With forecasts predicting hot, dry and windy weather early next week, PG&E advised Friday there is an increased possibility it may shut off power in parts of the North Bay to reduce wildfire risk.

PG&E raised the risk of a shutdown to “elevated” for three regions in Northern California - which includes Sonoma, Mendocino, Lake and Napa counties - for Monday and Tuesday. That risk status is the lowest threshold level at which power shut-offs are possible, and does not necessarily mean that PG&E will turn off power in those areas.

PG&E launched the public safety power shut-off program in 2018 but significantly increased the program this year to potentially disrupt 31,000 miles of power lines in high-threat areas. In some cases, blackouts could last more than 48 hours.

The “elevated” risk status is the second-lowest level on PG&E’s four-level scale of public safety power shut-off potential, the lowest being “not expected.” The third level is “watch,” meaning that there is a reasonable chance of an outage, and the final level is “warning,” meaning that a shut-off is probable but not guaranteed. PG&E spokeswoman Deanna Contreras said PG&E launched the level system in August to inform customers about the potential weather conditions that could necessitate an outage.

The current status is always posted online at

PG&E raised the risk level for the North Bay because of the hot, dry and windy weather expected early next week, Contreras said. Those conditions significantly increase fire danger. Temperatures in Sonoma County are expected to reach as high as the upper 90s Tuesday, causing an increased risk for wildfires through the weekend, although no red flag warnings or fire advisories have been issued for Sonoma County, said Cal Fire spokesman Scott McLean.

Contreras said PG&E will monitor the weather over the weekend, and if the adverse conditions continue, PG&E may raise the shut-off risk to the next level. At this time, PG&E has not contacted customers about the elevated outage risk, Contreras said.

“If it looks like there’s a public safety risk in one zone ... and we’re about 48 hours away from the weather event, we’ll start contacting customers,” Contreras said.

“It’s only at elevated right now. When we get to PSPS warning, that’s when the level indicates that an execution of a PSPS is probable and even that level doesn’t guarantee a PSPS,” she said, using an acronym for public safety power shut-off.

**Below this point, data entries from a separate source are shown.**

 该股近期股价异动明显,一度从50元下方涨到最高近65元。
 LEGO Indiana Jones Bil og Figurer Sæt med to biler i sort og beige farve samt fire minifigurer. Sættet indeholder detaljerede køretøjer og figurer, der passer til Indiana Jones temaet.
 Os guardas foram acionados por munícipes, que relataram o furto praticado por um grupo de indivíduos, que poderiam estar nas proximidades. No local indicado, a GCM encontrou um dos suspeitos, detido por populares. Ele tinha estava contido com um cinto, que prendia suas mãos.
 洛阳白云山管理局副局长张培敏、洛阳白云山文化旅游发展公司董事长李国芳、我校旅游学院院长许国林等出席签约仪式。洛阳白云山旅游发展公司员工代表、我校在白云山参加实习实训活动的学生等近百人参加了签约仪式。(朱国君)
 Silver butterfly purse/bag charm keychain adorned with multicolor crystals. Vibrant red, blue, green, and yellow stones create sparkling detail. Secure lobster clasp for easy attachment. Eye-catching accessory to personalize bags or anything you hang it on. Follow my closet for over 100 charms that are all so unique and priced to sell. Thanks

So far, PG&E has initiated two shutdowns this year, both on June 8. The utility shut off power to about 1,700 customers in Napa, Solano and Yolo counties about 6:15 a.m., before restoring power at 6 p.m. About 21,000 customers in Butte and Yuba counties lost power about 9 p.m., and regained power by 6 p.m. the following day.

If PG&E raises the level to “watch” for the North Bay, then it would activate local emergency centers in the affected areas. Crews would be on standby to restore power safely and as quickly as possible when the adverse weather conditions pass, Contreras said.

“As always, weather conditions can change quickly,” Contreras said in an email. “We remind our customers to have a plan and make sure we have your updated contact information.”